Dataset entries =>

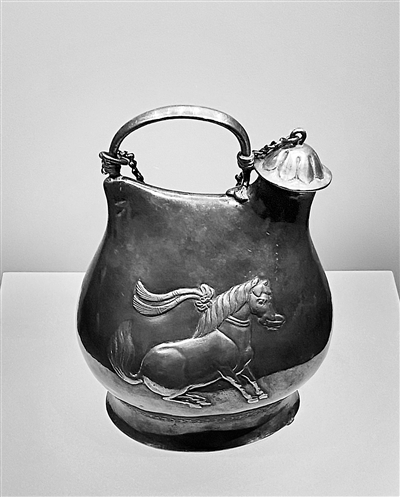 唐代鎏金舞马衔杯纹银壶,出土于西安何家村唐代窖藏遗址,为国家禁止出境文物。宋雨 摄
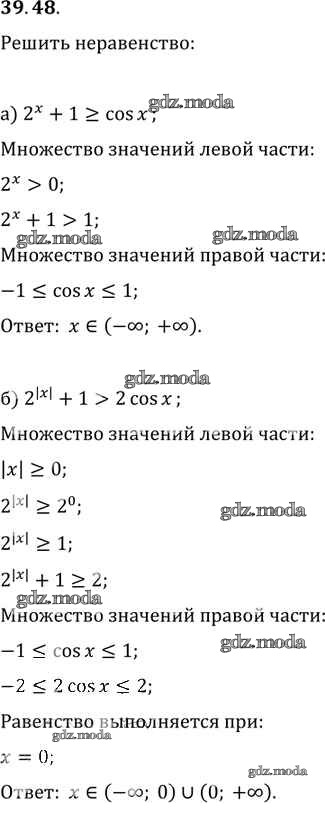 ОТВЕТ на задание № 39.48 Задачник по Алгебре 10-11 класс Мордкович Базовый уровень
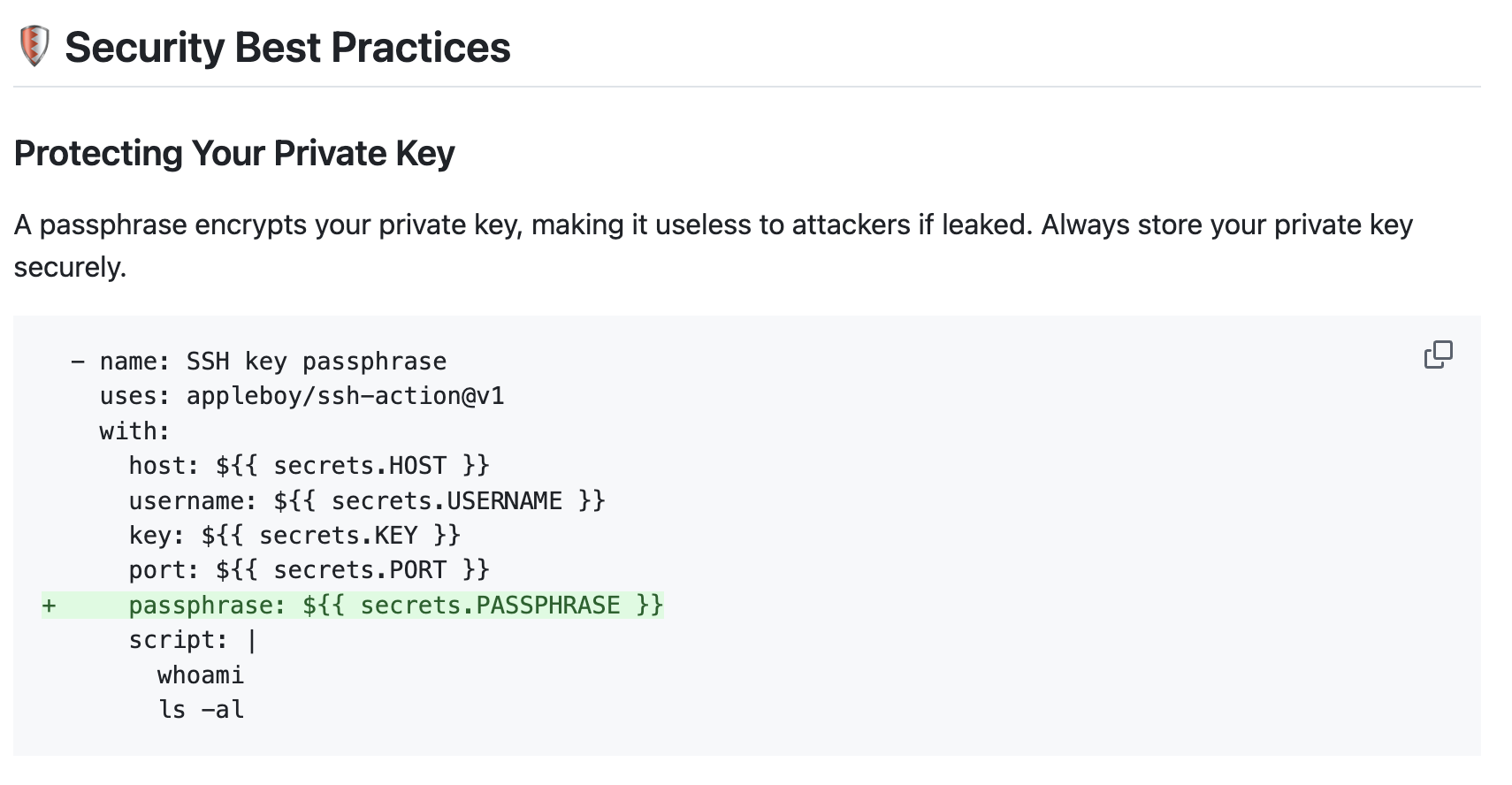 이는 비밀키가 PASSPHRASE에 넣은 비밀키로 암호화되어 ssh-action 서버 / 컨테이너로 전송되기 때문에 통신내용이 노출되어도 비밀키 자체는 노출되지 않는 다는 것을 의미합니다.
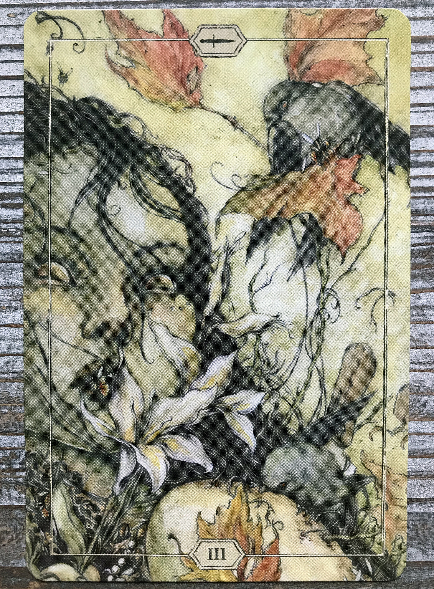 The message that I see in this card is about balance. Yes, it’s important to go after what you want, but do not become so focused upon the prize that you forget you are more than just a knight… you are also a vulnerable in a nightgown clinging to a unicorn. It’s okay to be soft. It’s okay to be gentle and vulnerable . It is possible to be both vulnerable… and strong.
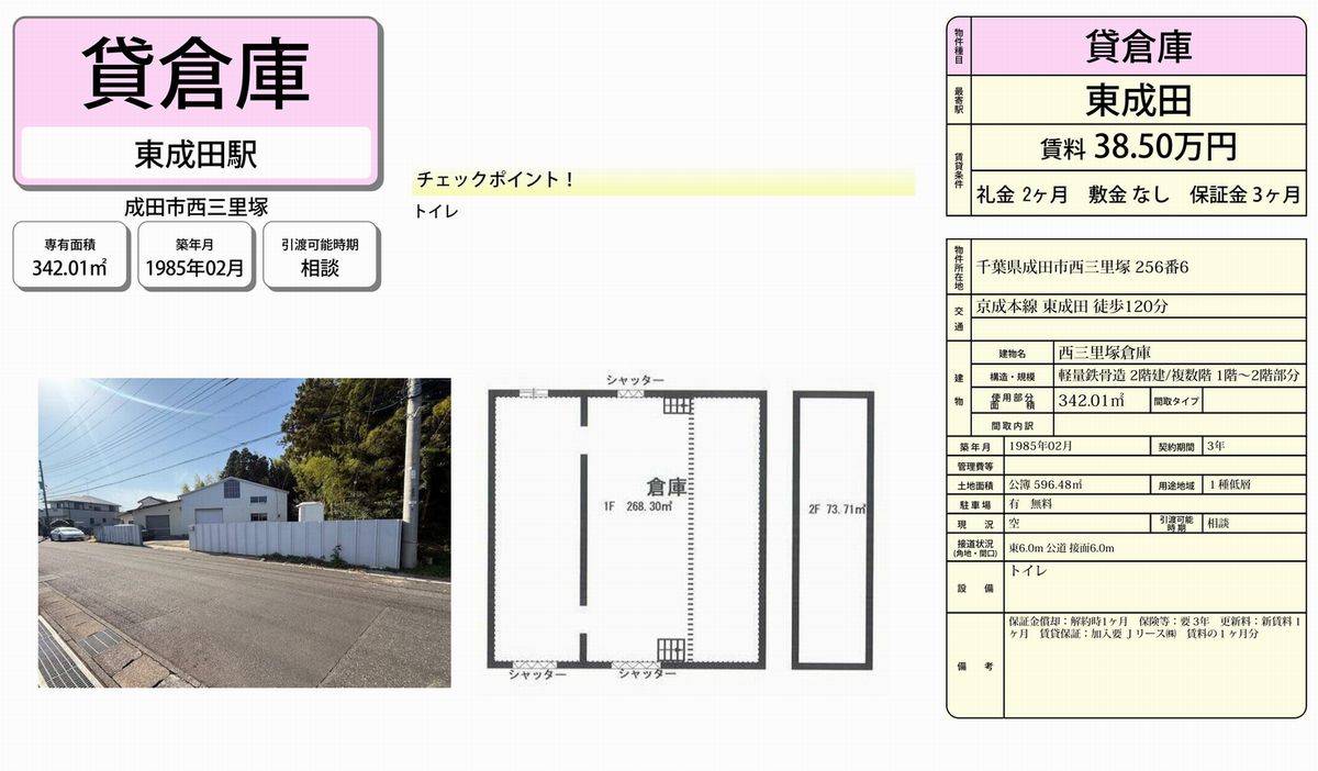 千葉県成田市西三里塚256-6 (東成田) 西三里塚倉庫 詳細データ
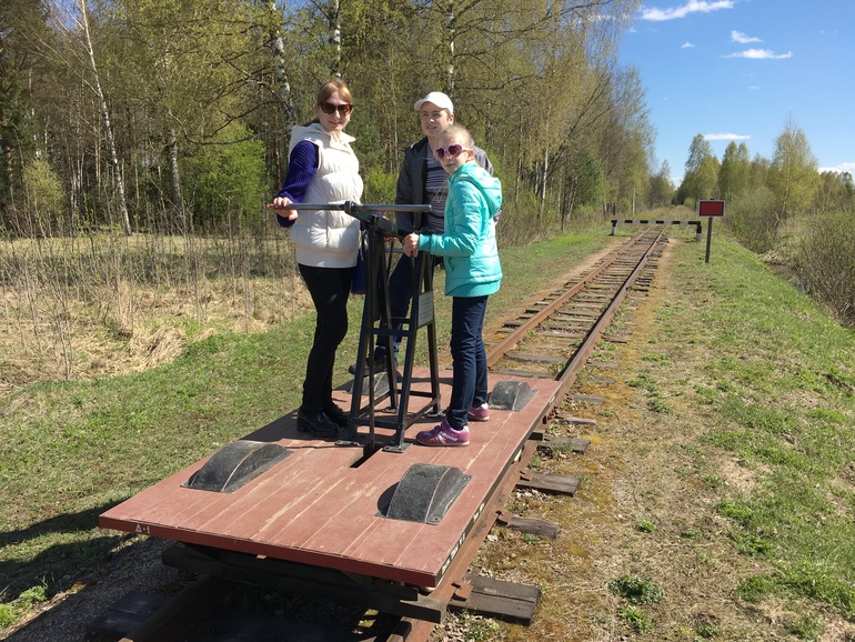 За отдельную плату (те же 150 руб. взр и 50 школьники) можно покататься на ручной дрезине. Решили прокатиться, должны же хоть какие-то впечатления остаться))

The problem => All lines from the one bearing "ОТВЕТ на задание" through the last line of the records, and only those, should be duplicated exactly; no picture belongs in the copy.

Task result =>
 ОТВЕТ на задание № 39.48 Задачник по Алгебре 10-11 класс Мордкович Базовый уровень
 이는 비밀키가 PASSPHRASE에 넣은 비밀키로 암호화되어 ssh-action 서버 / 컨테이너로 전송되기 때문에 통신내용이 노출되어도 비밀키 자체는 노출되지 않는 다는 것을 의미합니다.
 The message that I see in this card is about balance. Yes, it’s important to go after what you want, but do not become so focused upon the prize that you forget you are more than just a knight… you are also a vulnerable in a nightgown clinging to a unicorn. It’s okay to be soft. It’s okay to be gentle and vulnerable . It is possible to be both vulnerable… and strong.
 千葉県成田市西三里塚256-6 (東成田) 西三里塚倉庫 詳細データ
 За отдельную плату (те же 150 руб. взр и 50 школьники) можно покататься на ручной дрезине. Решили прокатиться, должны же хоть какие-то впечатления остаться))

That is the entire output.